Issue gh-6237 Signed-off-by: Josh Cummings <3627351+jzheaux@users.noreply.github.com>
2026-03-01 00:24:46 +00:00 · 2026-02-26 12:14:43 -07:00 · 2026-02-26 12:14:43 -07:00 · e30d9240c9
commit e30d9240c9
parent c208410a91
7 changed files with 296 additions and 0 deletions
--- a/docs/modules/ROOT/pages/servlet/oauth2/resource-server/jwt.adoc
+++ b/docs/modules/ROOT/pages/servlet/oauth2/resource-server/jwt.adoc
@ -1673,3 +1673,19 @@ NOTE: Spring isn't a cache provider, so you'll need to make sure to include the

 NOTE: Whether it's socket or cache timeouts, you may instead want to work with Nimbus directly.
 To do so, remember that `NimbusJwtDecoder` ships with a constructor that takes Nimbus's `JWTProcessor`.
+
+[[custom-principal]]
+== Customizing the Principal
+
+Sometimes it can be helpful to look up a pre-existing user based on the JWTs subject or other identifier.
+
+[[custom-user-details-service]]
+=== Wiring a UserDetailsService
+
+For example, if your application has a `UserDetailsService` and you want the corresponding user in the resulting `Authentication`, you can create a class to adapt your `UserDetails` into an `OAuth2AuthenticatedPrincipal`:
+
+include-code::./UserDetailsJwtPrincipalConverter[tag=custom-converter,indent=0]
+
+And then apply your principal converter to a `JwtAuthenticationConverter` `@Bean` like so:
+
+include-code::./UserDetailsJwtPrincipalConverterConfiguration[tag=configure-converter,indent=0]
--- a/docs/src/test/java/org/springframework/security/docs/servlet/oauth2/resourceserver/customuserdetailsservice/UserDetailsJwtPrincipalConverter.java
+++ b/docs/src/test/java/org/springframework/security/docs/servlet/oauth2/resourceserver/customuserdetailsservice/UserDetailsJwtPrincipalConverter.java
@ -0,0 +1,68 @@
+/*
+ * Copyright 2004-present the original author or authors.
+ *
+ * Licensed under the Apache License, Version 2.0 (the "License");
+ * you may not use this file except in compliance with the License.
+ * You may obtain a copy of the License at
+ *
+ *      https://www.apache.org/licenses/LICENSE-2.0
+ *
+ * Unless required by applicable law or agreed to in writing, software
+ * distributed under the License is distributed on an "AS IS" BASIS,
+ * WITHOUT WARRANTIES OR CONDITIONS OF ANY KIND, either express or implied.
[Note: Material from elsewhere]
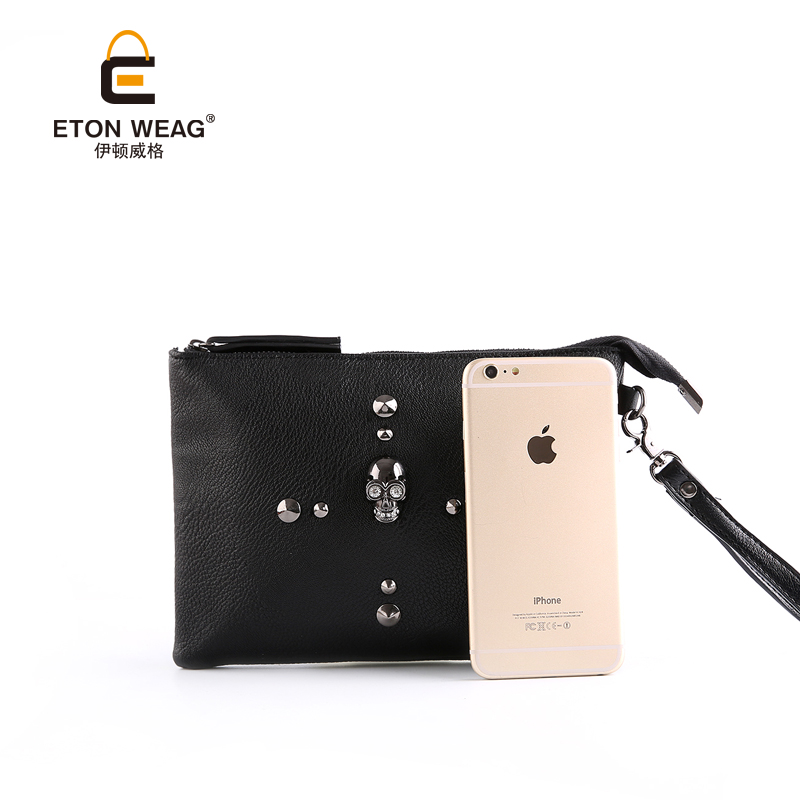 韓版鉚釘手拿包鬼頭手包手抓手包晚宴包男女時尚小包手機包潮

+ * See the License for the specific language governing permissions and
+ * limitations under the License.
+ */
+
+package org.springframework.security.docs.servlet.oauth2.resourceserver.customuserdetailsservice;
+
+import java.util.Map;
+
+import org.springframework.core.convert.converter.Converter;
+import org.springframework.security.core.userdetails.User;
+import org.springframework.security.core.userdetails.UserDetails;
+import org.springframework.security.core.userdetails.UserDetailsService;
+import org.springframework.security.oauth2.core.OAuth2AuthenticatedPrincipal;
+import org.springframework.security.oauth2.jwt.Jwt;
+import org.springframework.stereotype.Component;
+
+// tag::custom-converter[]
+@Component
+public final class UserDetailsJwtPrincipalConverter implements Converter<Jwt, OAuth2AuthenticatedPrincipal> {
+
+	private final UserDetailsService users;
+
+	public UserDetailsJwtPrincipalConverter(UserDetailsService users) {
+		this.users = users;
+	}
+
+	@Override
+	public OAuth2AuthenticatedPrincipal convert(Jwt jwt) {
+		UserDetails user = this.users.loadUserByUsername(jwt.getSubject());
+		return new JwtUser(jwt, user);
+	}
+
+	private static final class JwtUser extends User implements OAuth2AuthenticatedPrincipal {
+
+		private final Jwt jwt;
+
+		private JwtUser(Jwt jwt, UserDetails user) {
+			super(user.getUsername(), user.getPassword(), user.isEnabled(), user.isAccountNonExpired(),
+					user.isCredentialsNonExpired(), user.isAccountNonLocked(), user.getAuthorities());
+			this.jwt = jwt;
+		}
+
+		@Override
+		public String getName() {
+			return this.jwt.getSubject();
+		}
+
+		@Override
+		public Map<String, Object> getAttributes() {
+			return this.jwt.getClaims();
+		}
+
+	}
+
+}
+// end::custom-converter[]
--- a/docs/src/test/java/org/springframework/security/docs/servlet/oauth2/resourceserver/customuserdetailsservice/UserDetailsJwtPrincipalConverterConfiguration.java
+++ b/docs/src/test/java/org/springframework/security/docs/servlet/oauth2/resourceserver/customuserdetailsservice/UserDetailsJwtPrincipalConverterConfiguration.java
@ -0,0 +1,35 @@
+/*
+ * Copyright 2004-present the original author or authors.
+ *
+ * Licensed under the Apache License, Version 2.0 (the "License");
+ * you may not use this file except in compliance with the License.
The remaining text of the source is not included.